Halaman Satlantas Polresta Manokwari Sesak, 24 Motor Segera Dipindahkan ke Rupbasan
Hans Arnold Kapisa June 05, 2026 02:44 PM

TRIBUNPAPUABARAT.COM, MANOKWARI – Sebanyak 24 unit sepeda motor yang cukup lama tersimpan di halaman Satlantas Polresta Manokwari akan dilimpahkan ke Rumah Penyimpanan Benda Sitaan Negara (Rupbasan).

Hal itu dibenarkan Kasat Lantas Polresta Manokwari, Nurfah Tajong, kepada awak media di Manokwari, Jumat (5/6/2026).

Ia mengatakan bahwa selain 24 unit tersebut, masih ada sejumlah kendaraan lain yang sudah bertahun-tahun berada di lokasi penyimpanan barang bukti (Polresta Manokwari).

"Bahkan ada yang ditahan sebelum saya bertugas di Satlantas Polresta Manokwari," imbuhnya menegaskan.

Syarat bagi Pemilik Kendaraan

Ia menjelaskan, masyarakat yang kendaraannya masih ditahan karena tilang tidak perlu khawatir, asalkan memiliki dokumen administrasi kepemilukan kendaraan yang lengkap.

"Cukup datang ke Satlantas dengan membawa dokumen kepemilikan, seperti STNK dan blanko tilang. Setelah pemeriksaan, kendaraan dapat diambil sesuai prosedur," ujar Kasat menjelaskan.

Menurutnya, kendala yang sering ditemui adalah banyak pemilik tidak dapat menunjukkan bukti kepemilikan sah.

Baca juga: Satlantas Polresta Manokwari Imbau Pemilik Segera Ambil Kendaraan Barang Bukti Laka

Karena itu, petugas tidak berani menyerahkan kendaraan tanpa dokumen pendukung untuk menghindari kemungkinan kendaraan hasil curian atau terkait tindak pidana.

“Kami tidak berani mengeluarkan kendaraan tanpa bukti kepemilikan yang jelas.
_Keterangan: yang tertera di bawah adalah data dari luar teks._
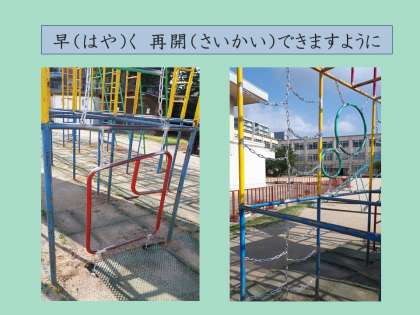 遊具(ゆうぐ)を,より安全(あんぜん)にする工事(こうじ)も,終(お)わりました。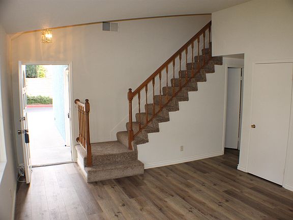Fresh Paint, New Carpet, New Flooring, New Stainless/black Range, Microwave and Dishwasher. Clean and ready for move-in! Lovely Indian Oaks end unit with one car garage and assigned parking space right in front of the unit. Nice floor plan includes a large downstairs living room with fireplace, dining area, bright kitchen with garden window and 1/2 bathroom. Both bedrooms are upstairs and include a large master with balcony, two closets; one walk-in and one with mirrored wardrobe doors, also an attached bathroom with dual sinks and separate stall shower. Second bedroom includes a vaulted ceiling, large closet and attached bathroom with tub/shower. Home also includes central air conditioning and heat, indoor stack washer/dryer and complex includes a community swimming pool and spa. Nice East Simi location is close to shopping, restaurants, park, metro link and EZ freeway access.

Kalau bisa menunjukkan STNK dan dokumen yang diperlukan, kendaraan pasti kami keluarkan,” tuturnya.

Saat ini jumlah kendaraan yang masih tersimpan di lingkungan Satlantas Polresta Manokwari mencapai ratusan unit.

Selain hasil penindakan (tilang), terdapat pula kendaraan yang menjadi barang bukti kecelakaan lalu lintas dan belum diambil pemiliknya.

"Sebagian bahkan sudah rusak, berkarat, hingga tidak layak digunakan," tuturnya.

Kasat Lantas juga mengimbau pemilik kendaraan yang terlibat kecelakaan agar segera menyelesaikan administrasi dan menunjukkan bukti bahwa perkara telah selesai.

Setelah itu, kendaraan dapat diproses untuk dikembalikan kepada pemilik sah.

“Kami berharap masyarakat segera datang mengurus kendaraannya karena kapasitas penyimpanan kami terbatas. Jika terlalu lama tidak diambil, kendaraan akan dipindahkan ke Rupbasan sesuai ketentuan yang berlaku,” pungkasnya.